Hedge-fund ETFs don’t follow a simple formula. IndexIQ, the top sponsor of these kinds of ETFs, aims to replicate the returns of hedge funds by investing in other ETFs and futures contracts. Its IQ Hedge Multi-Strategy Tracker (symbol QAI) uses hedge-fund techniques, such as selling stocks short as well as owning them and seeking to take advantage of discrepancies in the prices of different kinds of bonds from the same issuer. IQ Hedge Macro Tracker (MCRO) tilts more toward emerging-markets stocks and will almost certainly be more volatile than the multi-strategy ETF.
The biggest ETF purveyor, iShares, has also gotten into the act. Its Diversified Alternatives Trust (ALT) holds futures contracts on commodities, currencies and interest rates, as well as on stock and bond indexes. Unlike most ETFs, Diversified Alternatives Trust is actively managed and does not track an index.
Fees for these new ETFs are either fair or high, depending on your perspective. The annual fee for the iShares ETF is 0.95%; the IQ ETFs charge 0.75%, although total costs are closer to 1.1% when you include the fees of the underlying ETFs. That’s better than the standard hedge-fund charge of 2% per year plus 20% of the gains, but a lot higher than most ETFs, some of which charge less than 0.1% annually.

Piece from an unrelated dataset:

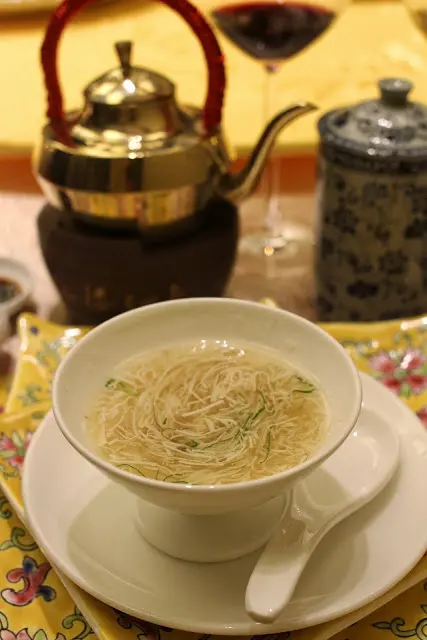 接著 菊花麻鴨 Double boiled wild duck with turnip, ham, spring onion and ginger 又是一道清潤滋補菜式,進一步彰顯紅樓宴多湯水、多蔬果的健康養生一面。

Hedge-fund-mimicking ETFs are untested. The oldest fund offered by IndexIQ started in March 2009, and iShares launched its product in November. Until we see how these funds perform in different market environments, we suggest you steer clear of them. Instead, consider a seasoned hedge-fund-like mutual fund, such as Hussman Strategic Growth (HSGFX), or a merger-arbitrage fund (see How to Make Money on Mergers).